The entire hall is filled with works by Jacqueline Kiyomi Gauke. Not exactly a B flat (2017), columns and walls expand and collapse, like the lungs of a giant or the ebb and flow of time. The half-dark, cold space is wheezing and overwhelming, comforting and unsettling at the same time.Special emphasis is placed on sound and music small worldincludes the likes of DJ Sniff and several local indie labels, in part in recognition that musicians and other performers have been the creators who have struggled the most during the pandemic. Quan says. As more grassroots artists, “musicians feel out of place and not respected within institutions.”

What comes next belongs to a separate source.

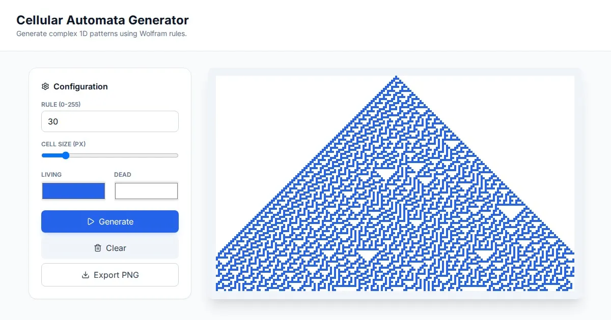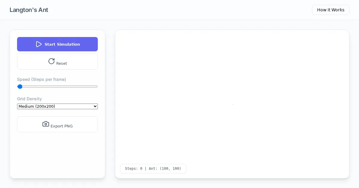 Visualize Langton's Ant cellular automata with this free, browser-based generator. Easily create, customize, and animate emergent patterns from simple rules.

Doubly excluded are immigrant musicians, and a January-long exchange led by Julian Abraham “Togar” and Wok the Rock introduced Indonesian musicians in Taiwan. “We have a very vibrant immigrant music community here, like an underground volcano on the verge of exploding,” says Quan Wood, mixing Indonesia’s rich musical history with Taiwan’s.

Karen Mok, a Hong Kong pop star of Persian descent, provides audio for a sound installation basin (2023) by Natasha Sadr Haghigian, an Iranian artist based in Berlin. In TFAM’s garden atrium, Walker’s effervescent mass pops out singing Mok’s 1999 ballad of hers suddenly, created in honor of how caregivers can often become self-conscious in their hidden roles. The song, mixed with the low-pitched planes that fly frequently to and from nearby Matsuyama Airport, promises that a bigger world is possible, even for caregivers and those isolated during the pandemic and currently confined to small spaces. are doing. Or maybe better times will come after today’s ups and downs.